## Task details
Below, locate the line that contains "Enfin, dans l’angle". Repeat exactly from that line to the line that contains "6. Check for", inclusive, leaving out the pictures.

START Records provided

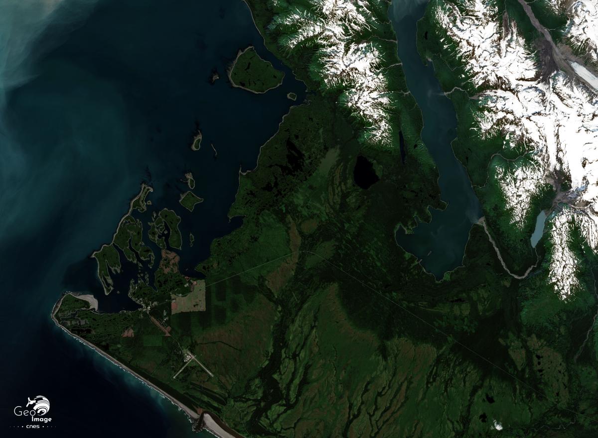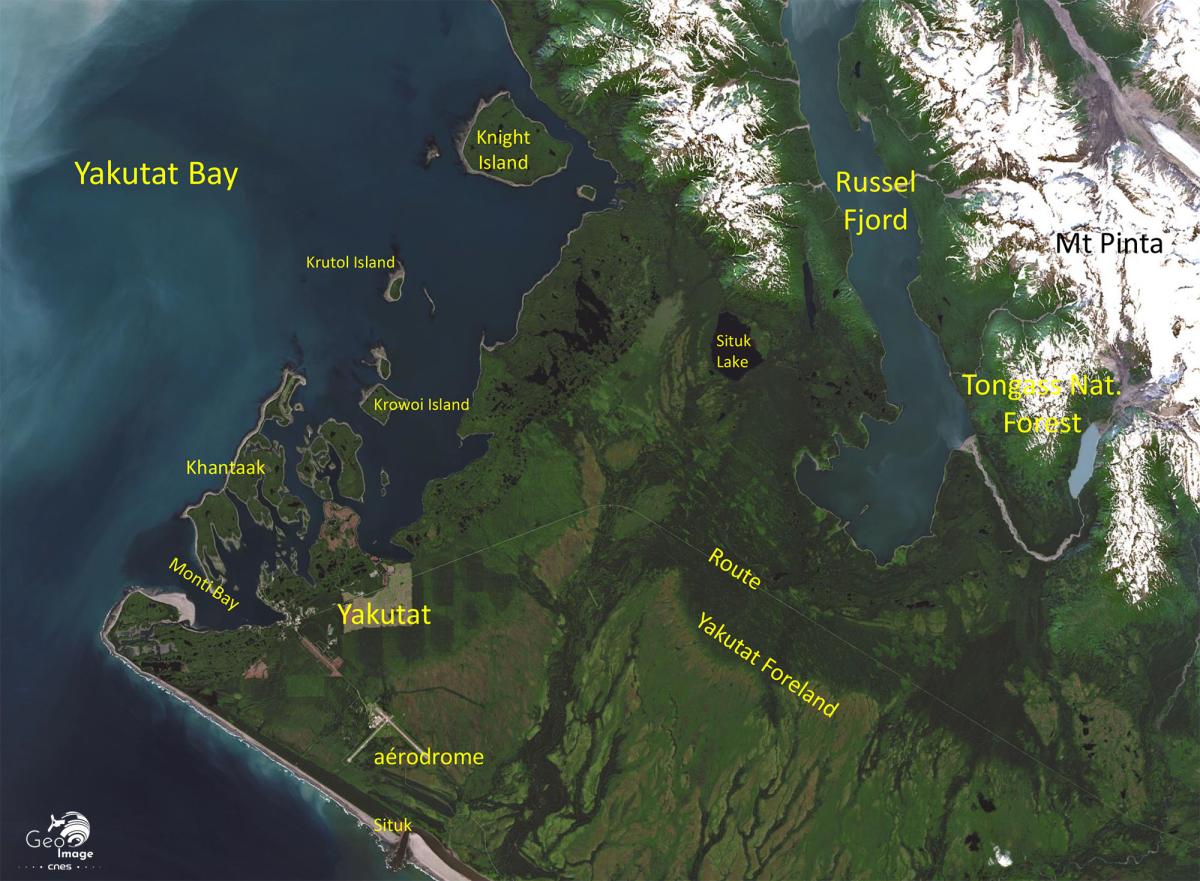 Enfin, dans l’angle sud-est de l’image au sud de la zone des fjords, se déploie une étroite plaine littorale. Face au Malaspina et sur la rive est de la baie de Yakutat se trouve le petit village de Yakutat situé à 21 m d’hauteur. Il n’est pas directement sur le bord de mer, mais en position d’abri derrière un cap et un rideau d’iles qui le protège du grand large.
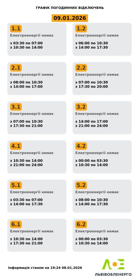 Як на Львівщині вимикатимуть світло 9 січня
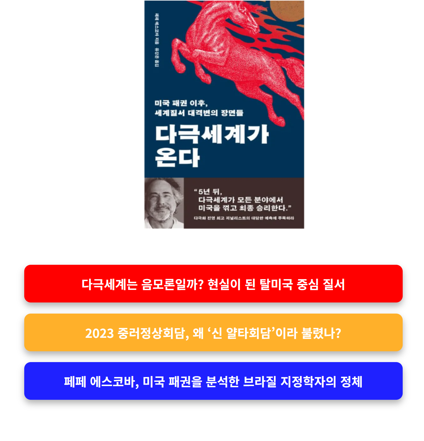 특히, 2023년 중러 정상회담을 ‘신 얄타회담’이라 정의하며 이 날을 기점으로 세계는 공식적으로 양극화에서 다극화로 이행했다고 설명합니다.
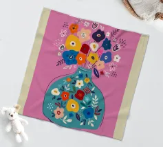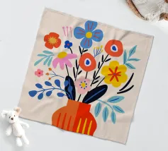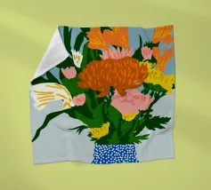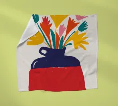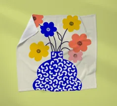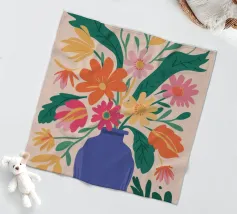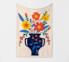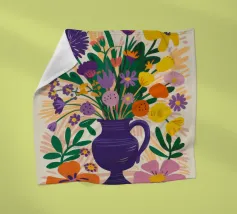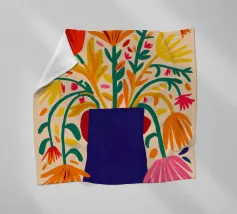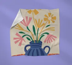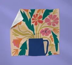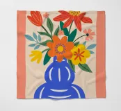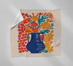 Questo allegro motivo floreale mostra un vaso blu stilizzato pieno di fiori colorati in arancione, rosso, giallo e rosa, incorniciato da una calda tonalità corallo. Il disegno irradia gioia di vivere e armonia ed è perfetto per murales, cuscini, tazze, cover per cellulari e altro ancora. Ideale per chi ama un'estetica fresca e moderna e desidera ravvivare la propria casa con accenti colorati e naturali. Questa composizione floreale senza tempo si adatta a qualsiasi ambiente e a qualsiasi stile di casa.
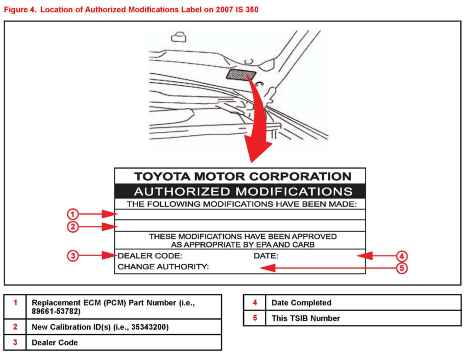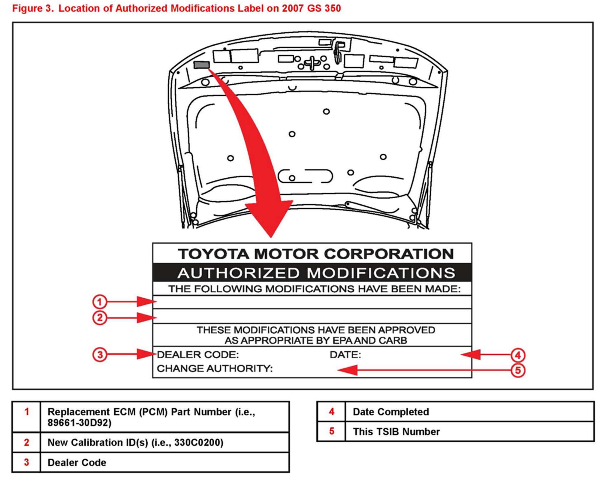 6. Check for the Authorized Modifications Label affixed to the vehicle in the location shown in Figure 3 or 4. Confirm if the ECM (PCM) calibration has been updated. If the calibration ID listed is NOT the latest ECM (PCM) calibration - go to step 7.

END Records provided
START Records provided

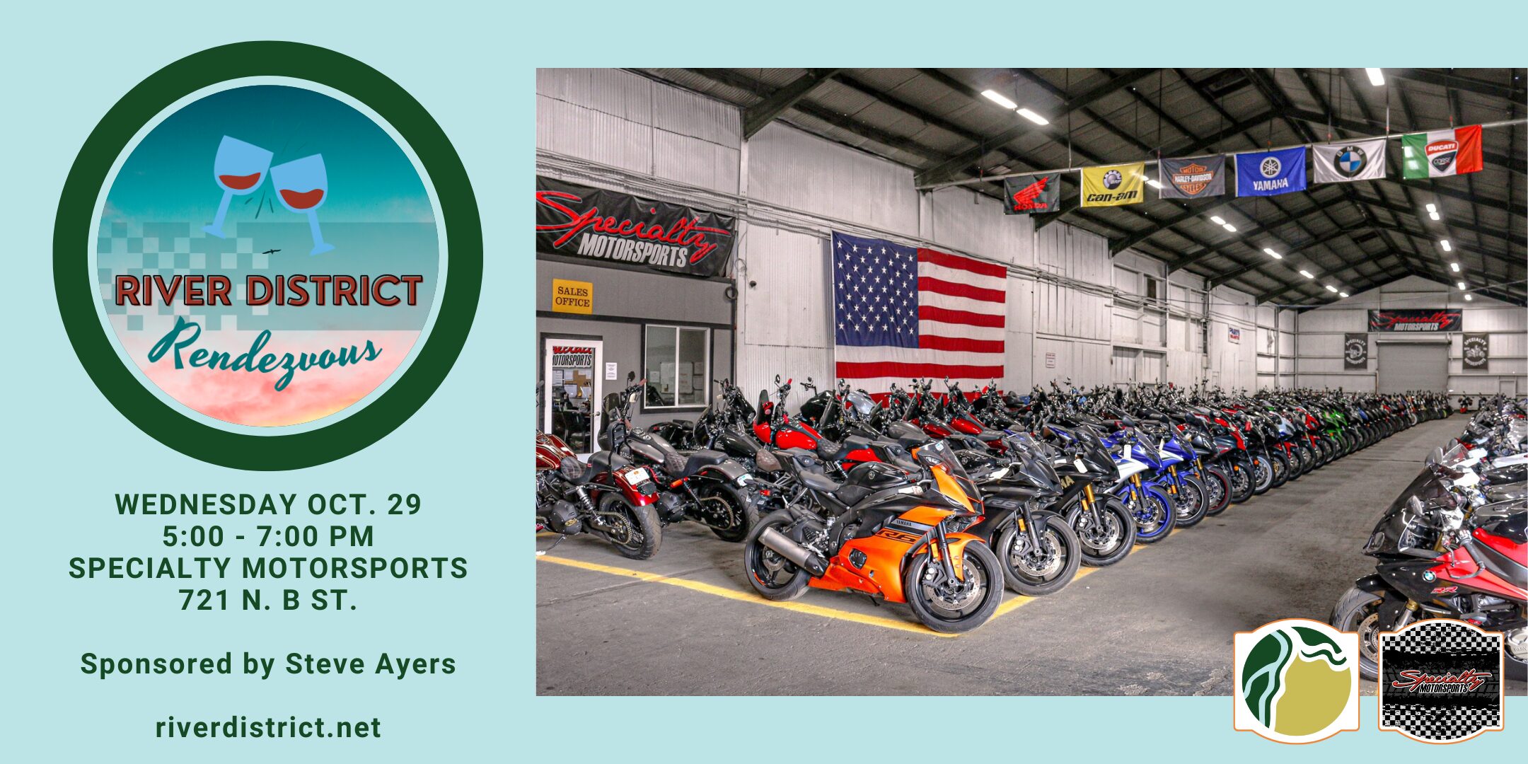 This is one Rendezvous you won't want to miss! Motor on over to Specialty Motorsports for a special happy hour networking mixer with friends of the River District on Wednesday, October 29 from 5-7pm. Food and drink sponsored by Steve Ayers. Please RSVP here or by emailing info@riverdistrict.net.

END Records provided

## Output
 Enfin, dans l’angle sud-est de l’image au sud de la zone des fjords, se déploie une étroite plaine littorale. Face au Malaspina et sur la rive est de la baie de Yakutat se trouve le petit village de Yakutat situé à 21 m d’hauteur. Il n’est pas directement sur le bord de mer, mais en position d’abri derrière un cap et un rideau d’iles qui le protège du grand large.
 Як на Львівщині вимикатимуть світло 9 січня
 특히, 2023년 중러 정상회담을 ‘신 얄타회담’이라 정의하며 이 날을 기점으로 세계는 공식적으로 양극화에서 다극화로 이행했다고 설명합니다.
 Questo allegro motivo floreale mostra un vaso blu stilizzato pieno di fiori colorati in arancione, rosso, giallo e rosa, incorniciato da una calda tonalità corallo. Il disegno irradia gioia di vivere e armonia ed è perfetto per murales, cuscini, tazze, cover per cellulari e altro ancora. Ideale per chi ama un'estetica fresca e moderna e desidera ravvivare la propria casa con accenti colorati e naturali. Questa composizione floreale senza tempo si adatta a qualsiasi ambiente e a qualsiasi stile di casa.
 6. Check for the Authorized Modifications Label affixed to the vehicle in the location shown in Figure 3 or 4. Confirm if the ECM (PCM) calibration has been updated. If the calibration ID listed is NOT the latest ECM (PCM) calibration - go to step 7.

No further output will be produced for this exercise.